Pilot field testing of the chronic pain classification for ICD-11: the results of ecological coding

Affiliations

Pilot field testing of the chronic pain classification for ICD-11: the results of ecological coding

Antonia Barke et al. BMC Public Health. .

Abstract

Background: A task force of the International Association for the Study of Pain (IASP) has developed a classification of chronic pain for the ICD-11 consisting of seven major categories. The objective was to test whether the proposed categories were exhaustive and mutually exclusive. In addition, the perceived utility of the diagnoses and the raters' subjective diagnostic certainty were to be assessed.

Methods: Five independent pain centers in three continents coded 507 consecutive patients. The raters received the definitions for the main diagnostic categories of the proposed classification and were asked to allocate diagnostic categories to each patient. In addition, they were asked to indicate how useful they judged the diagnosis to be from 0 (not at all) to 3 (completely) and how confident they were in their category allocation.
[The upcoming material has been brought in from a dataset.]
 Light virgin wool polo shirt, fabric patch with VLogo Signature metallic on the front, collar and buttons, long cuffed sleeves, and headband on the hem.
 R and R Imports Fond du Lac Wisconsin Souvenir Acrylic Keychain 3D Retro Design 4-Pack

Results: The two largest groups of patients were coded as either chronic primary pain or chronic secondary musculoskeletal pain. Of the 507 patients coded, 3.0% had chronic pain not fitting any of the proposed categories (97% exhaustiveness), 20.1% received more than one diagnosis. After adjusting for double coding due to technical reasons, 2.0% of cases remained (98% uniqueness). The mean perceived utility was 1.9 ± 1.0, the mean diagnostic confidence was 2.0 ± 1.0.
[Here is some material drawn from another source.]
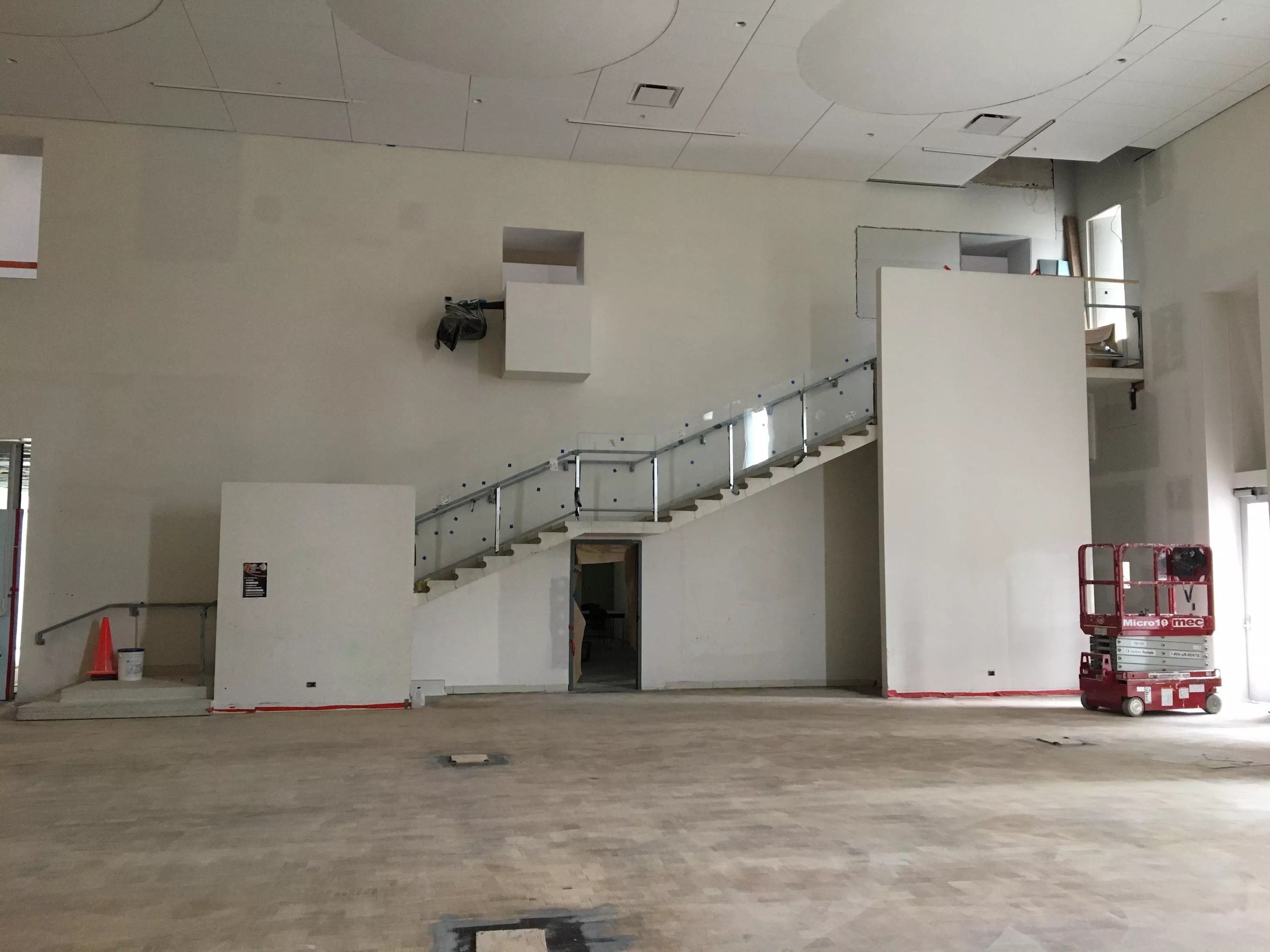 The double-height space in the Martin Building being redone as the Bartlit Creative Hub.

Conclusions: The categories proved exhaustive with few cases being classified as unspecified chronic pain, and they showed themselves to be mutually exclusive. The categories were regarded as useful with particularly high ratings for the newly introduced categories (chronic cancer-related pain among others). The confidence in allocating the diagnoses was good although no training regarding the ICD-11 categories had been possible at this stage of the development.

Keywords: Chronic pain; Classification; Clinical utility; Diagnostic categories; Ecological coding; Field testing; ICD-11.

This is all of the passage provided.